Высвободив руку из попонки, в которую она неловко закуталась ночью, Танька вытянулась, глубоко вздохнула и опять сжалась. Но все-таки было холодно. Она подкатилась под самую "голову" печи и прижала к ней Ваську. Тот открыл глаза и взглянул так светло, как смотрят со сна только здоровые дети. Потом повернулся на бок и затих. Танька тоже стала задремывать. Но в избе стукнула дверь: мать, шурша, протаскивала из сенец охапку соломы
- Холодно, тетка? - спросил странник, лежа на конике.
- Нет, - ответила Марья, - туман. А собаки валяются, - беспременно к метели.
Она искала спичек и гремела ухватами. Странник спустил ноги с коника, зевал и обувался. В окна брезжил синеватый холодный свет утра, под лавкой шипел и крякал проснувшийся хромой селезень. Теленок поднялся на слабые растопыренные ножки, судорожно вытянул хвост и так глупо и отрывисто мякнул, что странник засмеялся и сказал:
- Сиротка! Корову-то прогусарили?
- Продали.
- И лошади нету?
- Продали.
Танька раскрыла глаза.
Продажа лошади особенно врезалась ей в память "Когда еще картохи копали", в сухой, ветреный день, мать на поле полудновала, плакала и говорила, что ей "кусок в горло не идет", и Танька все смотрела на ее горло, не понимая, о чем толк.

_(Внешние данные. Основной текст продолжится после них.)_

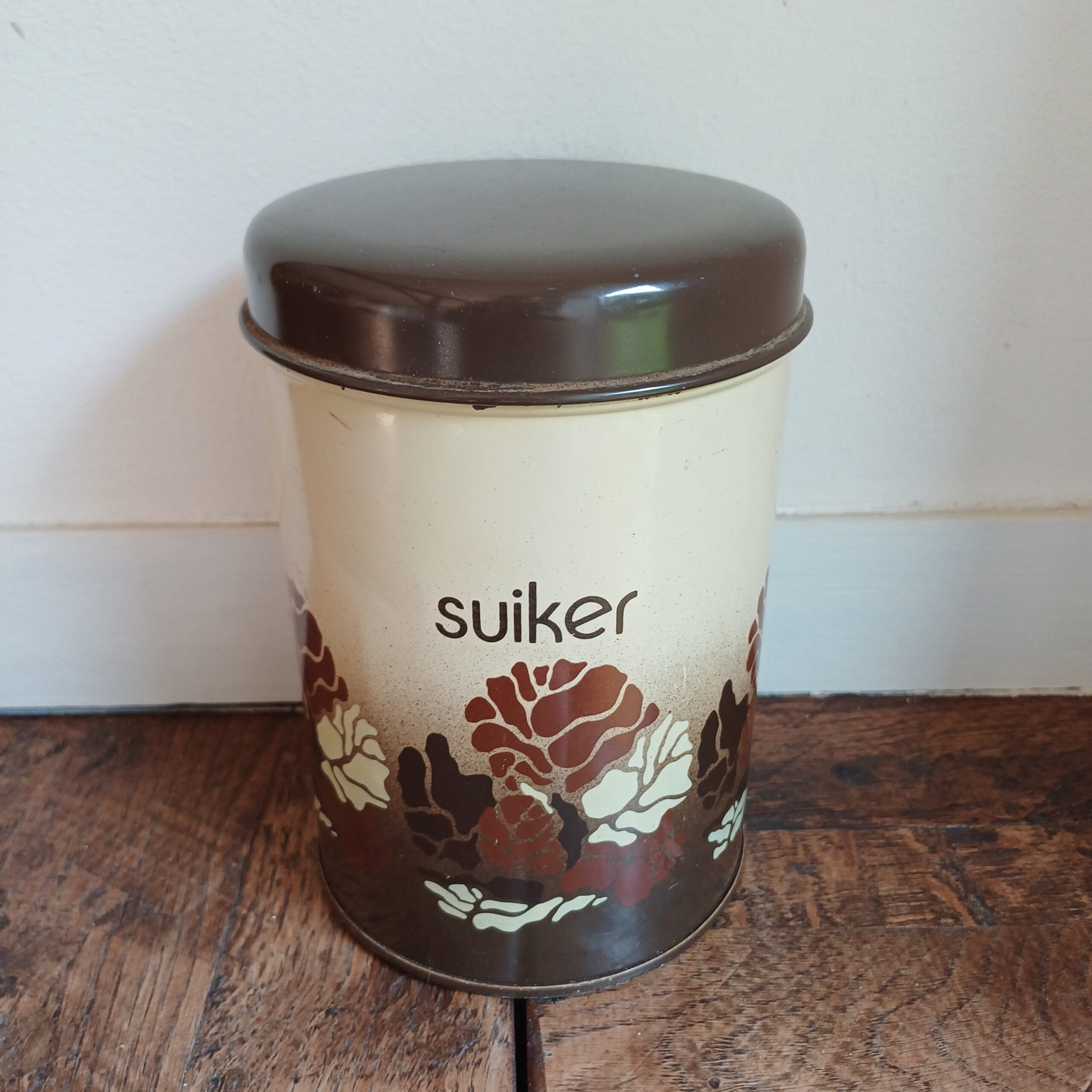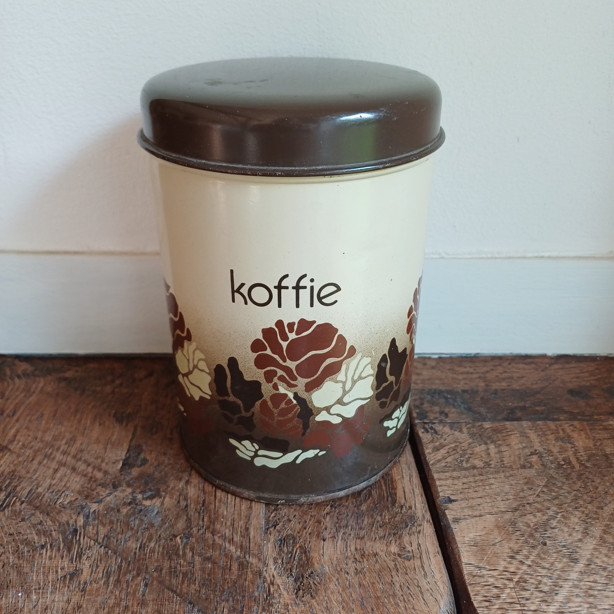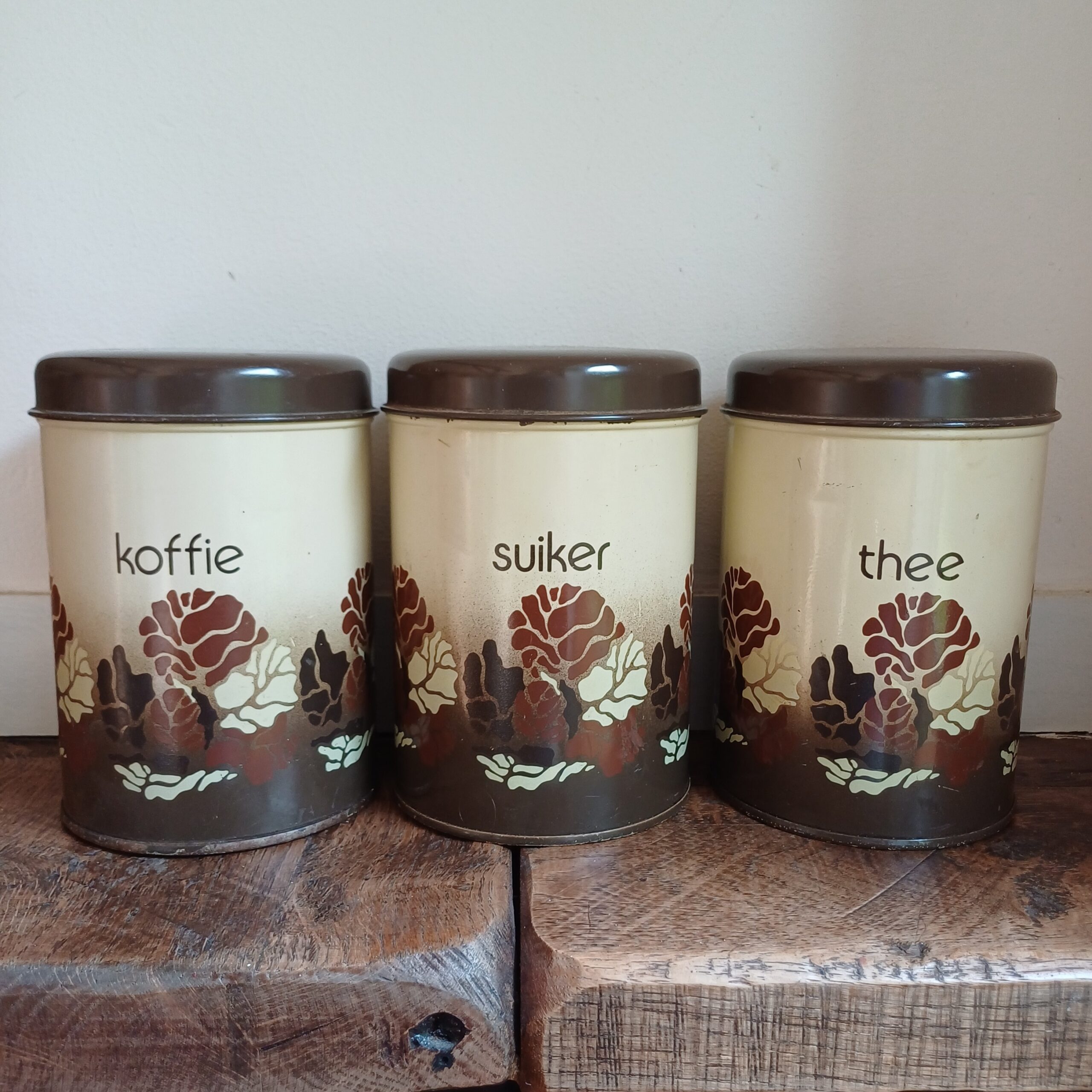 Brabantia blikken voor koffie, thee en suiker. Lekker ouderwets bruin met beige kleurtje.

Потом в большой крепкой телеге с высоким передком приезжали "анчихристы" Оба они были похожи друг на дружку - черны, засалены, подпоясаны по кострецам. За ними пришел еще один, еще чернее, с палкой в руке, что-то громко кричал я, немного погодя, вывел со двора лошадь и побежал с нею по выгону, за ним бежал отец, и Танька думала, что он погнался отнимать лошадь, догнал и опять увел ее во двор. Мать стояла на пороге избы и голосила. Глядя на нее, заревел во все горло и Васька. Потом "черный" опять вывел со двора лошадь, привязал ее к телеге и рысью поехал под гору... И отец уже не погнался...
"Анчихристы", лошадники-мещане, были, и правда, свирепы на вид, особенно последний - Талдыкин. Он пришел позднее, а до него два первые только цену сбивали. Они наперебой пытали лошадь, драли ей морду, били палками.

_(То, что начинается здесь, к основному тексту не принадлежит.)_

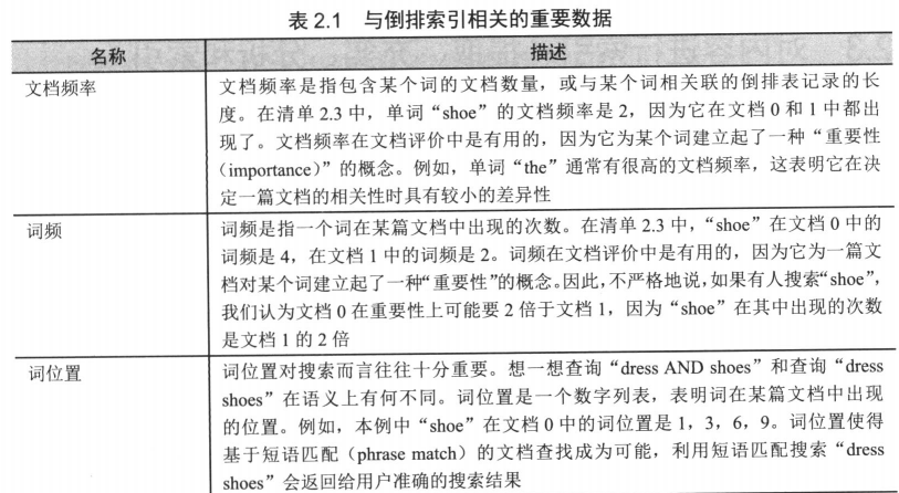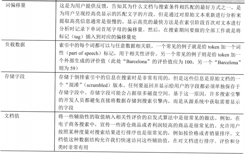 为了让搜索引擎能够提供相关性结果并帮助用户改进查询条件,Lucene在索引中还加入了更多的数据结构和元数据。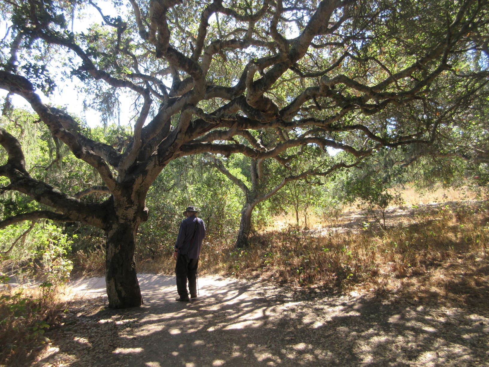 Our first visit beyond the beach started at the Ft. Ord National Monument marker and took us along trails through grassland and patches of oaks. We looked at birds and admired some of the gnarled tree trunks. We agreed that we needed to visit as early in the day as possible, as the grasslands heat up rapidly. The current high heat warning affecting most of the western US hasn’t reached us, but bright sun feels hot enough.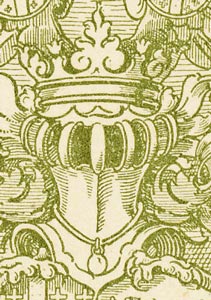 Abb. links: Helmgestaltung eines unbekannten Künstlers aus dem Jahr 1645 für Johann Friedrich Löffelholz von Colberg (Exlibris).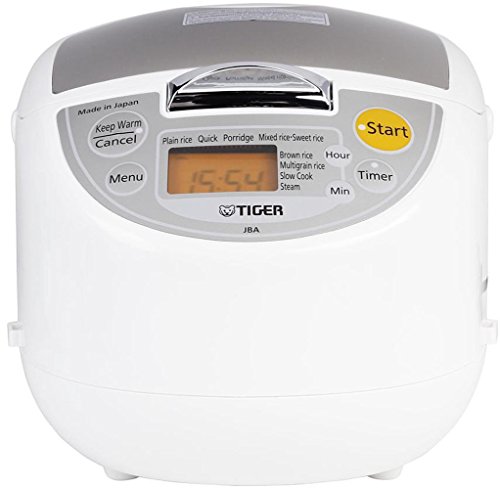 Tiger Micom controlled rice cooker and warmer comes with 3-in-1 functions (multi-menu rice cooking, steamer, and slow cooker) and 9 computerized cooking menu settings (Plain Rice, Quick Rice, Porridge, Mixed Rice, Sweet Rice, Brown Rice, Multigrain Rice, Slow Cook and Steamer). With minimal preparation and the press of a button, Tiger's automatic cooking logic system actively monitors cooking temperatures to create the perfect meal. Other highlights include an easy to remove and washable inner lid and steam cap, an easy to read LCD control panel, automatic keep warm function after the rice is cooked, and a delay timer. The product's dimension is 9.7-inch W x 13.3-inch L x 8.4-inch H and the wattage to this rice cooker and warmer is 641-watts.Feature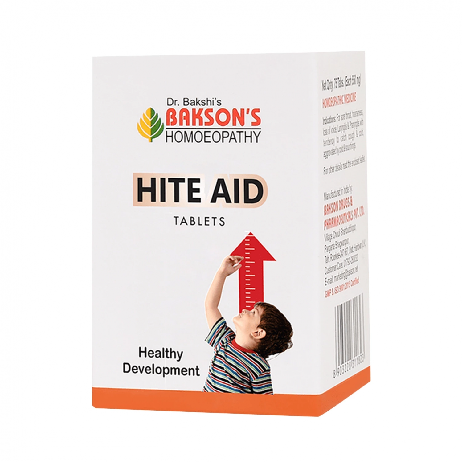 Bakson's Hite Aid Tablet is a homoeopathic remedy for enhancing height in children. This homoeopathic medicine for height growth is effective in cases of delayed growth and tardy development. It also helps in better assimilation and assists growth and development.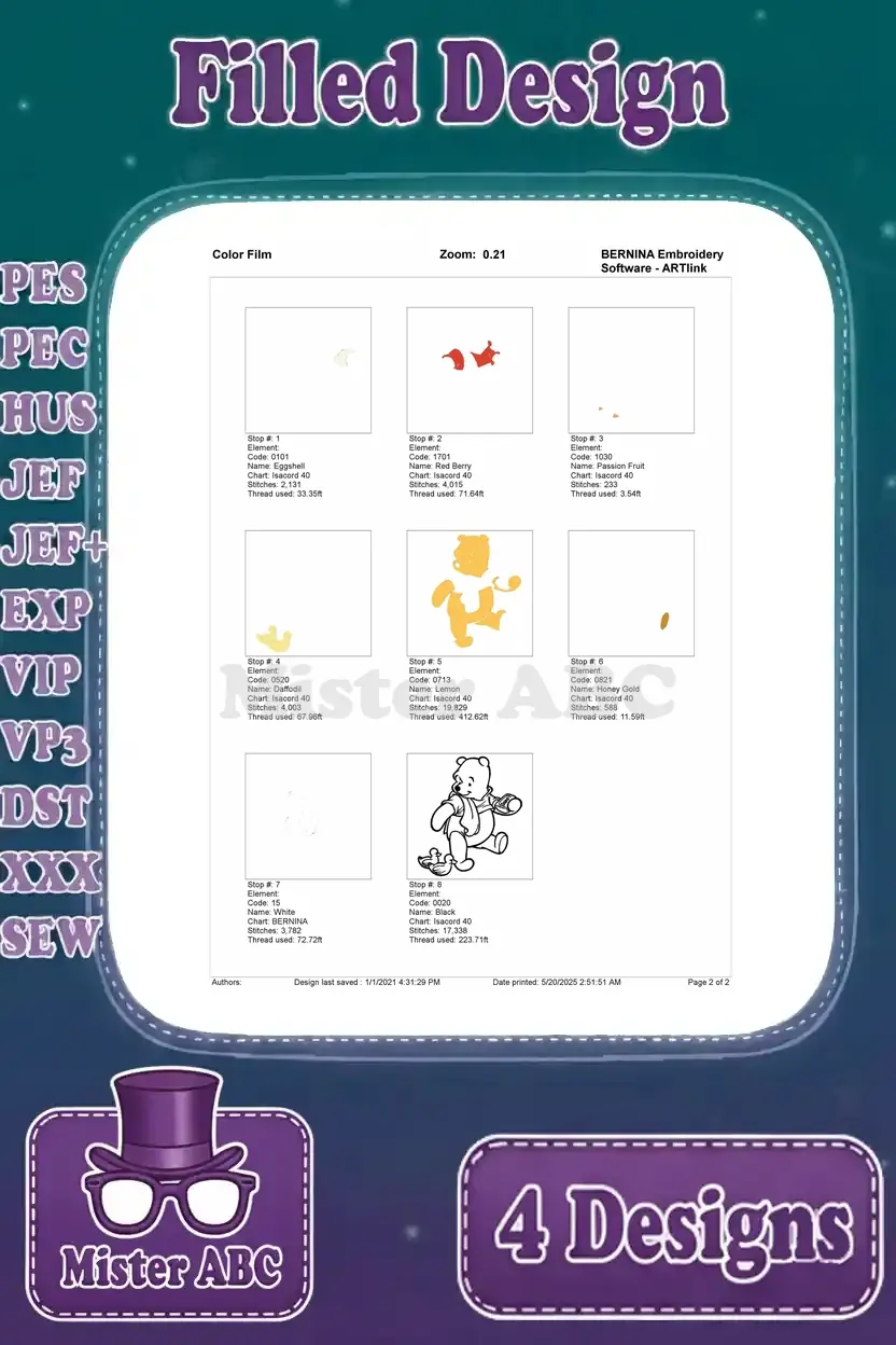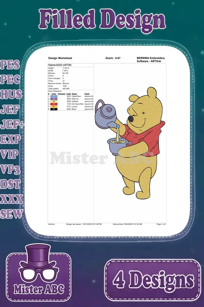 Winnie The Pooh Bear – Watering Waving Excited With Duckling – Gentle And Happy Pooh Bear With Friends – Filled Embroidery Design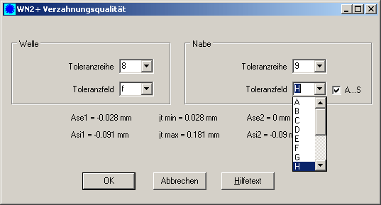 Nach DIN 5480 gibt es für die Zahnwelle die Toleranzfelder a bis v zur Auswahl, für die Zahnnabe dagegen nur die Toleranzfelder F,G,H,J,K,M. In WN2+ kann man jetzt für die Zahnnabe weitere Toleranzfelder von A bis S wählen, wenn man zuvor das Kästchen "A..S" anklickt.

- Ну, - кричал один, - смотри сюда, получай с богом деньги!
- Не мои они, побереги, полцены брать не приходится, - уклончиво отвечал Корней.
- Да какая же это полцена, ежели, к примеру, кобыленке боле годов, чем нам с тобой? Молись богу!
- Что зря толковать, - рассеянно возражал Корней.
Тут-то и пришел Талдыкин, здоровый, толстый мещанин с физиономией мопса: блестящие, злые черные глаза, форма носа, скулы, - все напоминало в нем эту собачью породу.
- Что за шум, а драки нету? - сказал он, входя и улыбаясь, если только можно назвать улыбкой раздувание ноздрей.
Он подошел к лошади, остановился и долго равнодушно молчал, глядя на нее. Потом повернулся, небрежно сказал товарищам: "Поскореича, ехать время, я на выгоне дожду", - и пошел к воротам.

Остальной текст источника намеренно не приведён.